Open yaniv256 opened 4 years ago
Wear a mask, wash your hands, and don't go out to eat at a restaurant.
The module is not malfunctioning. It is possible the infection rates are too high. On the other hand, most people in Synthea are getting tested, which is not happening in the real-world, so the results might be skewed. Also, not all of those people are ending up being admitted to the hospital or ICU. As we learn more about the actual results of the pandemic, we will go back and modify the infection rates.
If you want to modify the infection rates, feel free to edit this CSV file: https://github.com/synthetichealth/synthea/blob/master/src/main/resources/modules/lookup_tables/covid19_prob.csv
The time
column is a range, where each value is time in milliseconds since January 1, 1970 (i.e. standard Java timestamp).
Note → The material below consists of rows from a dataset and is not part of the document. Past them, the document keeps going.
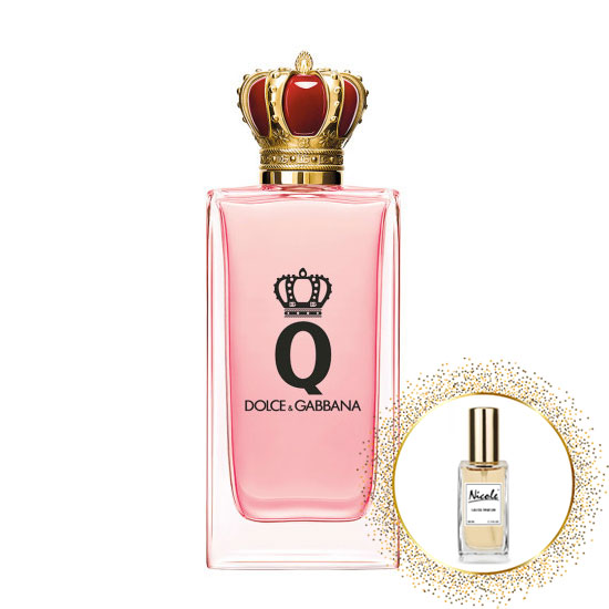Q by Dolce & Gabbana je parfem koji se klasificira kao Floral Fruity Gourmand. Ovaj parfem je lansiran 2025. godine i dostupan je u tri veličine flašona: 30ml, 50ml i 100ml. Parfem je stvoren od strane Daphné Bugey, parfermerke koja je poznata po svojim inovativnim i elegancijskim kreacijama.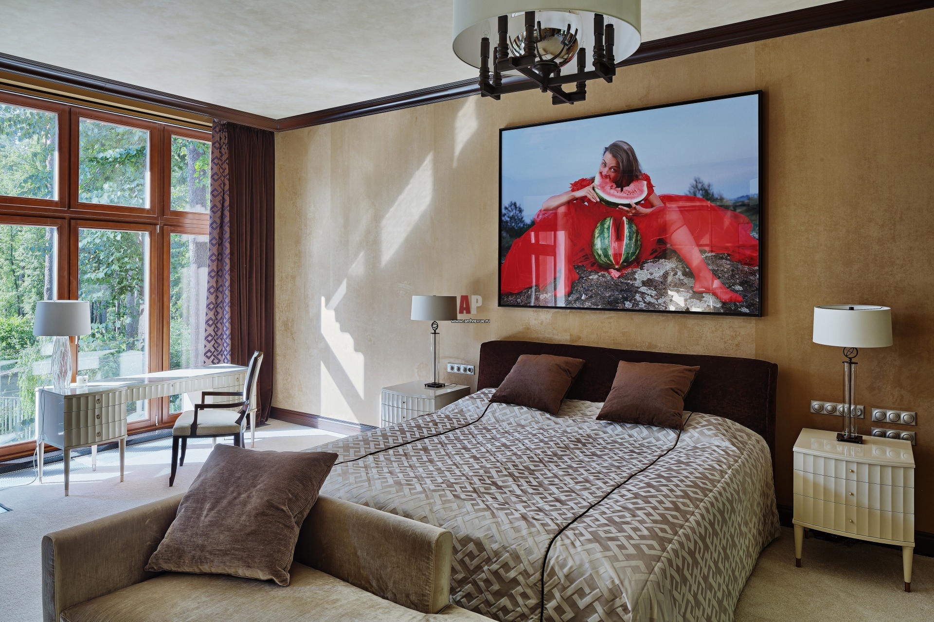 Интерьер главной спальни. Стены оформлены замшевыми обоями, на полу – шерстяной ковролин. Кровать, Treca Interiors Paris. Прикроватная тумбочка и стол, Barbara Barry. Козетка, Flexform. Над кроватью фоторабота Олега Кулика «Девушка с арбузом».
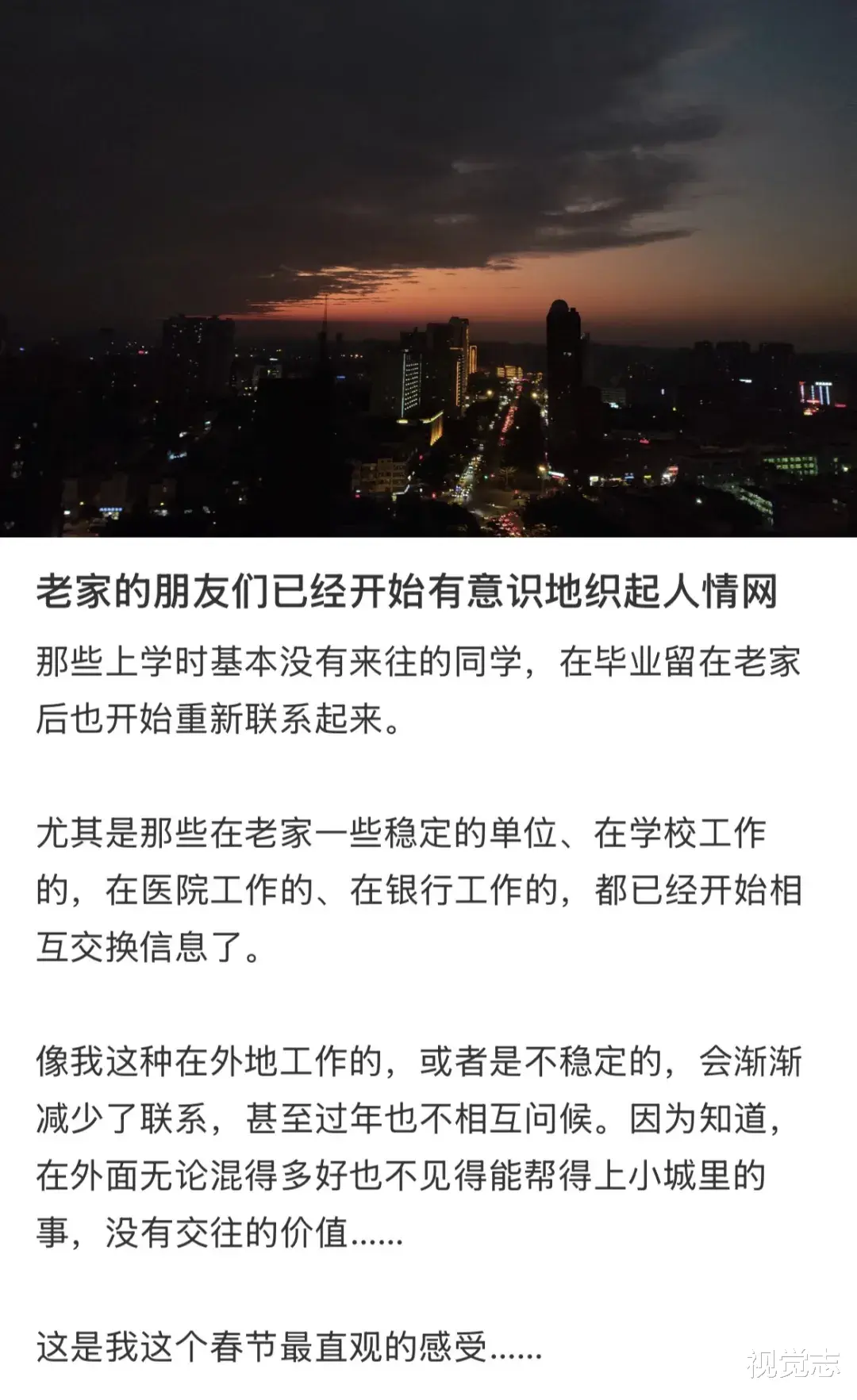 就连同学聚会也成了关系置换的社交场合,人们不再回忆往昔,而是交换起了工作岗位,攀谈起了人情往来。至于从大城市回来的自己,则显得有些格格不入。

I'm running synthea on Google Colab (upstream from some deep learning) so I can't really build it every time. Any chance to fix the jar file to produce something more realistic?
I don't know anything about Google Colab... it looks similar to a hosted version of Jupyter notebooks... but even so, I have no idea of how these suggestions will work or if they are possible in your environment:
If you have access to the JAR, you can just replace the covid19_prob.csv
file inside the Synthea JAR, either locally or potentially using the jar uf
command (see https://docs.oracle.com/javase/tutorial/deployment/jar/update.html).
You could also try using a local set of lookup_tables using the --generate.lookup_tables
command-line switch. You'll need to provide ALL the lookup tables though or you'll see a lot of exceptions.
# Lookup Table Folder location
generate.lookup_tables = modules/lookup_tables/
Any chance to fix the jar file to produce something more realistic?
Define realistic. If you'd like to provide different infection statistics, with the proper peer-reviewed citations, we're happy to take a pull request and update the table.
I assume that the COVID-19 dataset consists of 10K patients who tested positive using nasal swap testing, etc. I see that roughly 6000 had antibody testing (SARS-CoV-2 RNA) with many converting from positive to negative. On further thought, I can't use the dataset to predict who developed COVID versus those who did not. Great dataset nevertheless and could be used for descriptive statistics.
I don't know anything about Google Colab... it looks similar to a hosted version of Jupyter notebooks... but even so, I have no idea of how these suggestions will work or if they are possible in your environment:
- If you have access to the JAR, you can just replace the
covid19_prob.csv
file inside the Synthea JAR, either locally or potentially using thejar uf
command (see https://docs.oracle.com/javase/tutorial/deployment/jar/update.html).- You could also try using a local set of lookup_tables using the
--generate.lookup_tables
command-line switch. You'll need to provide ALL the lookup tables though or you'll see a lot of exceptions.# Lookup Table Folder location generate.lookup_tables = modules/lookup_tables/
- If you are using a hosted version of Synthea that you do not have access to, then there is nothing you can really do.
Any chance to fix the jar file to produce something more realistic?
Define realistic. If you'd like to provide different infection statistics, with the proper peer-reviewed citations, we're happy to take a pull request and update the table.
Exactly what kind of statistics are you looking for? I would be happy to do some research, I'm sure this data is available now. It would be very helpful if the output from this module was more accurate.
This table models the probability of infection over time. We could also add another column, such as State, to represent different geographies.
Also, it's difficult to use the module for developing apps if Covid infection rates are hard-coded at a low number. Gotta find the needles in the haystack. But having an adjustable input at the beginning of the pipeline would be nice. Sometimes we want to generate a population average, sometimes we want to generate a positive cohort, sometimes we want to generate a single patient and model disease progression.
It depends on what your definition of "hard-coded" is. It isn't compiled into the code, it is listed in a configuration file. See the link in the previous comment on October 9th.
I'm running
java -jar synthea-with-dependencies.jar -c synthea.properties -p 100 Minnesota
and I'm getting 77% of patients with aSuspected COVID-19
and 75% of patients with aCOVID-19
condition. Maybe we're missing some probability parameter?